Песнь Бернадетте - Франц Верфель
Шрифт:
Интервал:
Закладка:
— Вот как, — усмехается инквизиторша. — И дама тоже говорит с тобой здесь?
— Нет, сегодня дама говорила со мной по-настоящему.
— У дамы есть голос?
— О да, у нее точно такой же голос, какова она сама…
И Бернадетта повторяет все, что ей сказала дама. Антуанетта Пере полна уверенности, что наконец ее поймала.
— Ты хочешь уверить разумных людей, — взрывается она, — что дама, душа из потустороннего мира или, возможно, даже ангел, обращалась к тебе, глупой девчонке, на «вы» и говорила: «Будьте так добры»!
Лицо Бернадетты сияет от удивления и восторга:
— Да, это и впрямь странно… Дама говорила мне «вы».
Этот допрос, которому Пере подвергла Бернадетту, имеет неожиданные последствия.
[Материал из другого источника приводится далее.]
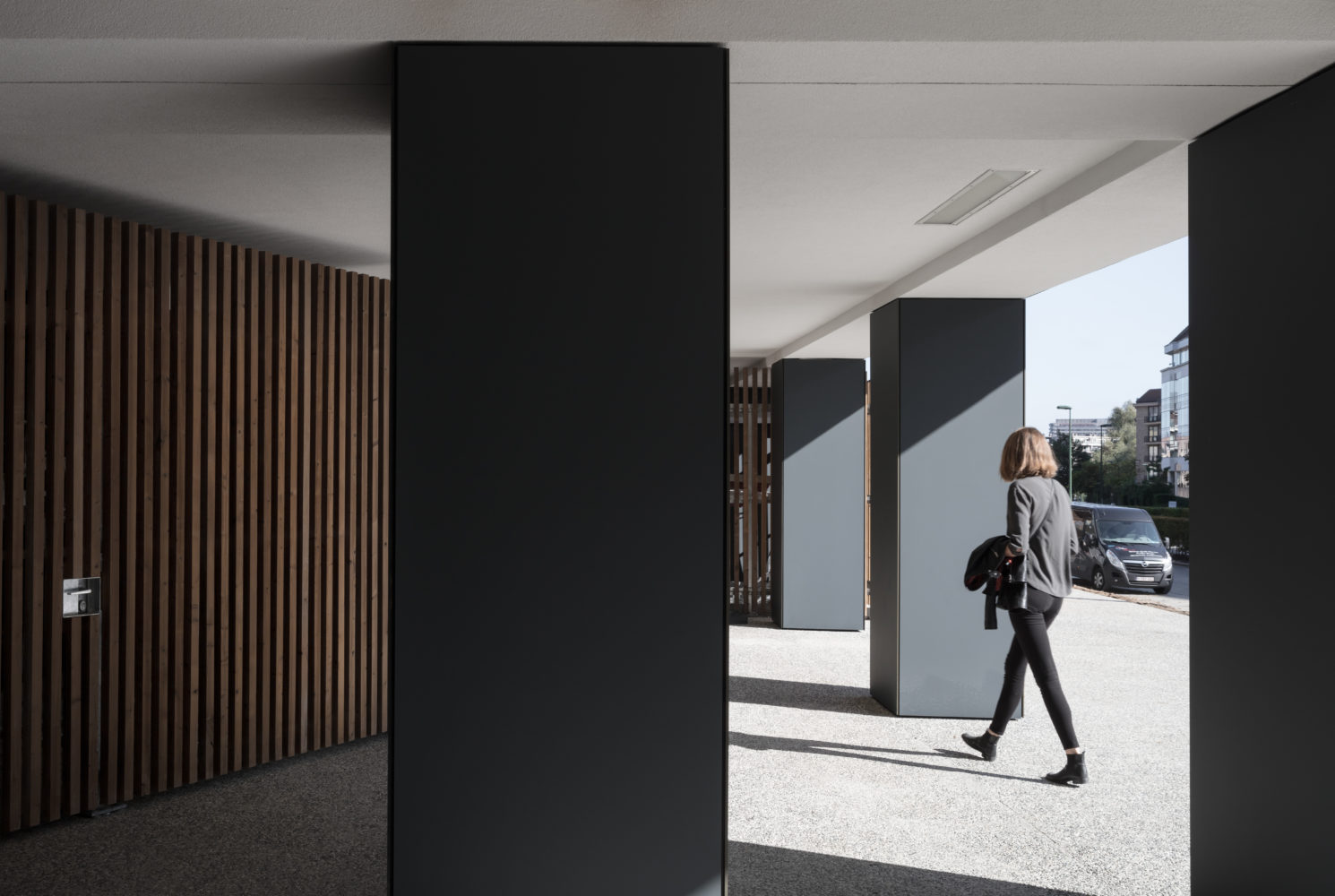 Located in the heart of an urban fabric, the conversion of this young heritage from the eighties into housing and retail space shows that it is quite possible to combine performance with elegance.
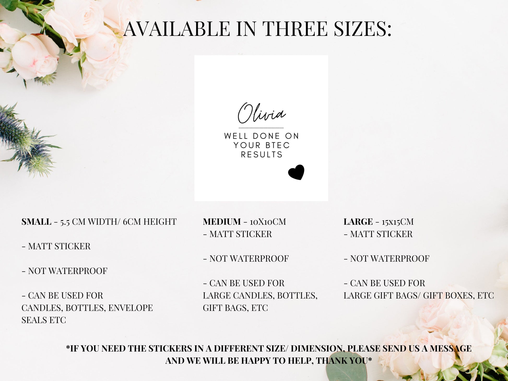 **If you need the sticker in a different size/ dimension, please send us a message and we will be happy to help, thank you**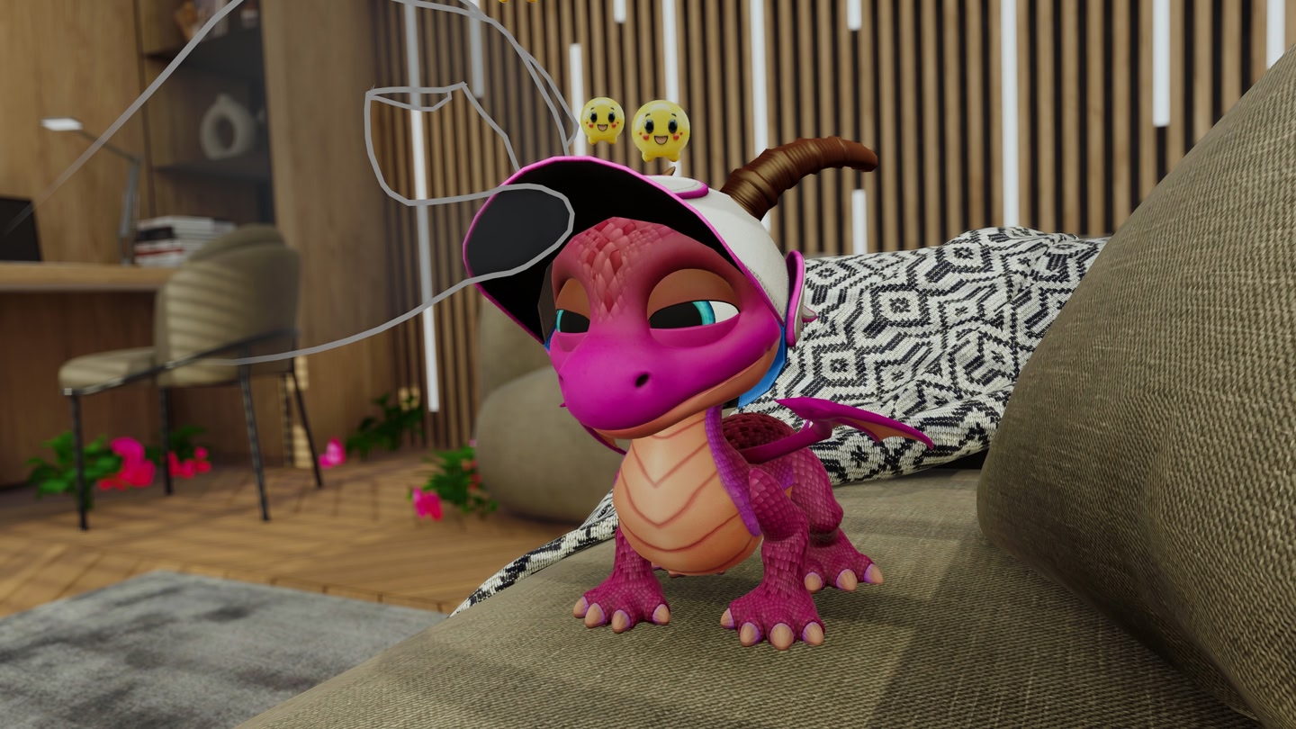 Il gioco è disponibile esclusivamente in modalità Mixed Reality, permettendoci di vedere il nostro cucciolo squamoso muoversi e interagire con l’ambiente circostante. Inoltre, possiamo arredare la stanza per farlo sentire a casa: una cuccia comoda, un dispenser per il cibo, dei giochi e persino una lettiera saranno essenziali per il suo benessere. Grazie all’utilizzo di un comodo tablet virtuale, richiamabile con la mano sinistra, potremmo non solo di acquistare nuovi oggetti e decorazioni con la valuta di gioco, ma anche di monitorare le statistiche del nostro draghetto, tenendo d’occhio il suo umore e le sue necessità.

Сначала у портнихи не было особых сомнений в искренности девочки. Вера в потусторонний мир, любопытство, угодничество, жажда приобщиться к необычайному — все это вместе побудило портниху уговорить свою покровительницу Милле отважиться на странное приключение. Только здесь, в гроте, свободное поведение маленькой Субиру вызывает в ней подозрение. Естественные и простые ответы девочки в такой непростой ситуации покоряют сердца присутствующих и настраивают их против злобной Пере. Бернадетта говорит о своем видении с такой ясностью и точностью, с какими не каждый способен говорить о самых реальных вещах. Тот, кто ее слушает, поневоле начинает верить в нечто сверхъестественное.
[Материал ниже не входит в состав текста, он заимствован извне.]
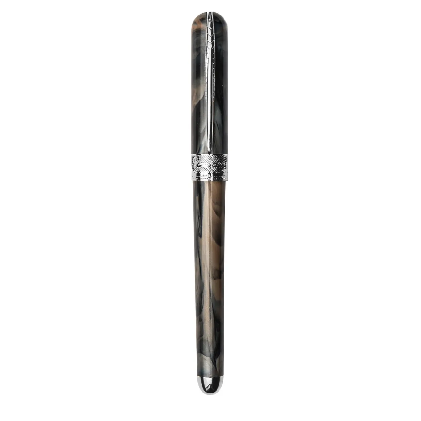 Fashioned of UltraResin – a material developed by Pineider mixing nacre and resin for optimized resistance – this fountain pen is crafted employing 3D engineering resulting in an interlocking system with no need for glues. The feather-shaped clip in marine steel and the soft-close cap lock are displayed alongside details in palladium 0.2 and a central band finished with a minutely engraved skyline of Florence. Please contact the Concierge for information on colors, type of filling (cartridge or converter), and N°6 steel nib sizes available.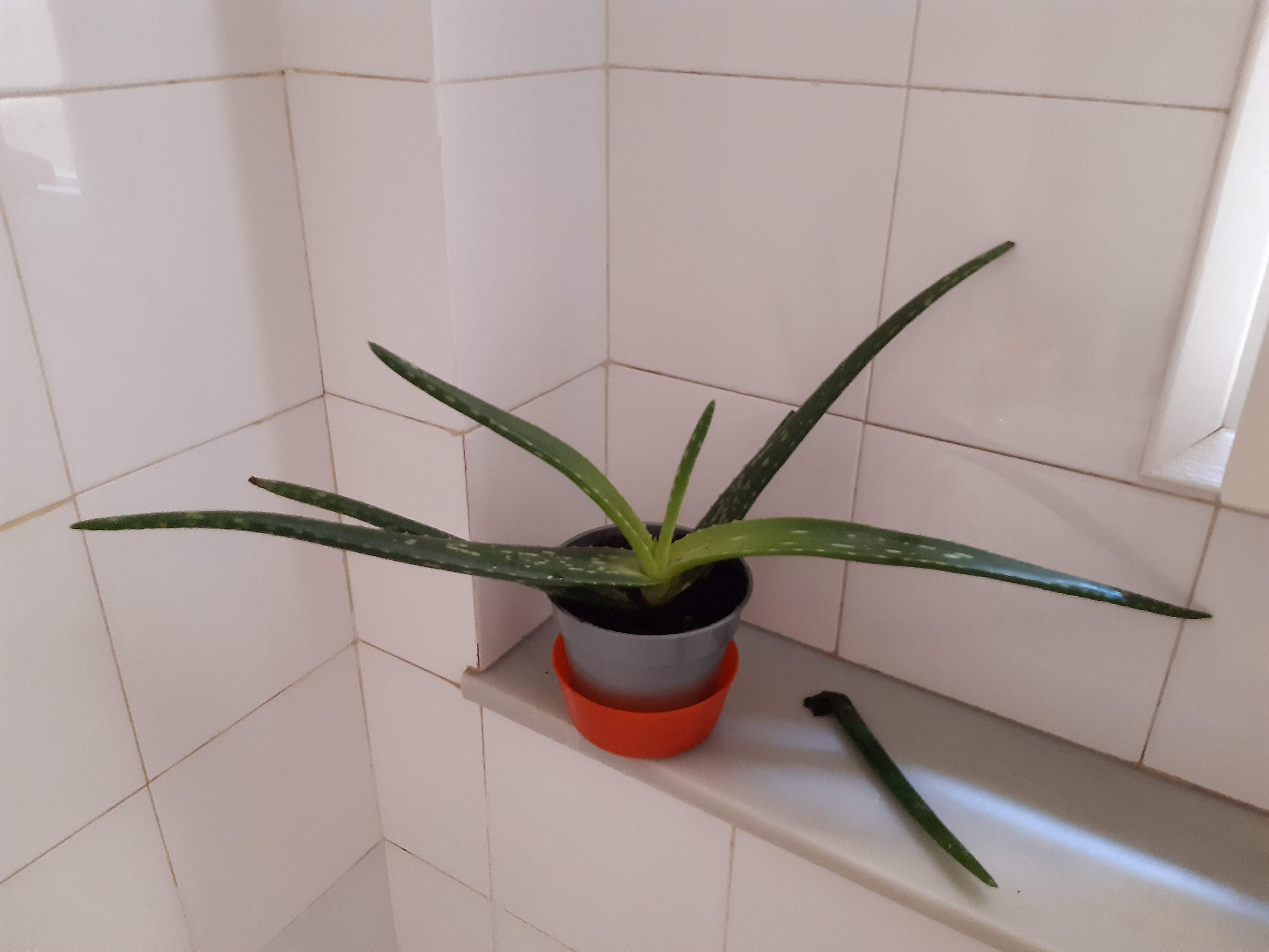 J'ai un peu peur aussi que l'humidité de la salle de bain finisse par lui déplaire tout à fait. Si tu as une pièce plus sèche et avec une bonne exposition, déplace le là, juste devant la fenêtre, il poussera encore mieux.

— На тебе благословение Господне, — говорит одна из крестьянок. — Небу ведомо, кто к тебе приходит.
Мадам Милле уже почти не надеется, что дама окажется ее собственной племянницей. Слова, которые передала Бернадетта, никак этого не подтверждают. Но вдова не разочарована, она обнимает девочку.
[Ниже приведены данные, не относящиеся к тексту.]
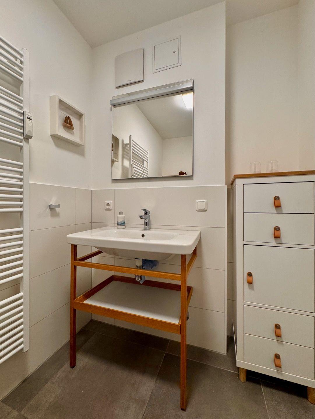 Dieses komfortable Appartement bietet auf 55 m² Platz für maximal vier Personen und ist ideal für einen entspannten Urlaub. Es verfügt über ein Wohnzimmer mit integrierter Küchenzeile, sowie über zwei Schlafzimmer: eines mit Doppelbett und eines mit einem Ausziehbett (1,60 m), das zusätzlichen Schlafplatz bietet. Das Badezimmer ist mit einer Dusche und einem WC ausgestattet. Das Appartement wurde in den letzten Jahren liebevoll saniert und befindet sich in einem modernen, sehr gepflegten Zustand. Die Küche und das Bad sind hochwertig und zeitgemäß ausgestattet. Die nach Süden ausgerichtete Terrasse lädt den ganzen Tag über zum Sonnenbaden und Entspannen ein. Vom Essplatz im Wohnbereich sowie von der Terrasse aus haben Sie einen schönen Blick auf den Bodden. Ein Pkw-Stellplatz (Nr. 28) befindet sich auf dem Grundstück der Ferienanlage und ist dem Appartement zugeordnet. Haustiere und Rauchen sind in diesem Appartement nicht gestattet. Für Ihren Aufenthalt steht Ihnen kostenloses WLAN zur Verfügung.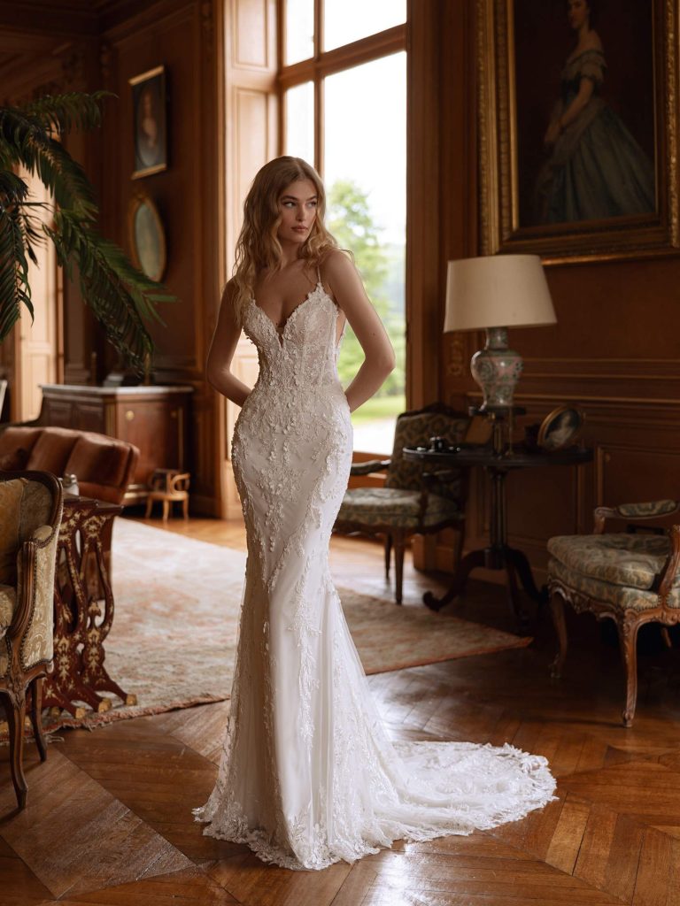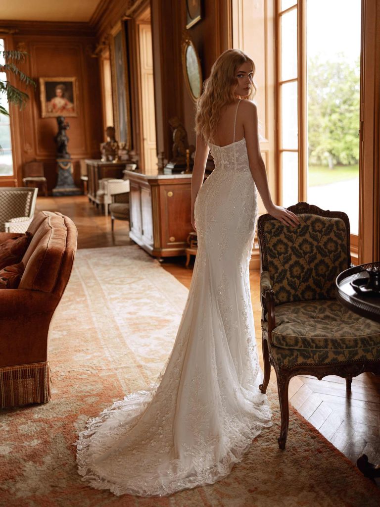 Abito da sposa manica bretelle, stile sirena, scollatura spalle aperta e tessuto pizzo

— Какое же ты замечательное дитя, маленькая ясновидица. Благодарю тебя от всей души. Я старая больная женщина. Но все следующие пятнадцать дней я буду ежедневно ходить с тобой к гроту… Я думаю, вы тоже не пропустите ни единого дня, моя добрая Пере…
— Ни за что не пропущу, мадам, — подтверждает портниха, которая столь же быстро, сколь и вынужденно меняет тактику. — Мы еще многое узнаем от Бернадетты…
Безмерно утомленная вдова едва слышно шепчет:
— У меня на душе так возвышенно и спокойно. В следующий раз обязательно возьму с собой Филиппа. Это пойдет ему на пользу.
Тут уж и Жанне Абади не остается ничего другого, как признать превосходство и главенство Бернадетты, хотя она, Жанна, первая ученица в классе, а Бернадетта — самая последняя.
— Я тоже, естественно, буду приходить каждый день, — говорит она, — в конце концов, я первая узнала о даме…
— Почему это ты первая? — возмущается Мария. — Самая первая я, ведь я ее сестра…
Антуан Николо гладит свои усы, как делает всегда, когда испытывает смущение.
— А что, если нам, матушка, — говорит он как бы между прочим, — пригласить мадемуазель Бернадетту пожить у нас следующие пятнадцать дней. Верхняя светелка у нас, конечно, не очень теплая, но ей было бы намного ближе ходить к Массабьелю…
— Я была бы очень рада Бернадетте, — осторожно говорит матушка Николо, — но я не хочу вмешиваться. Пусть ее родители сами решат, как все теперь будет…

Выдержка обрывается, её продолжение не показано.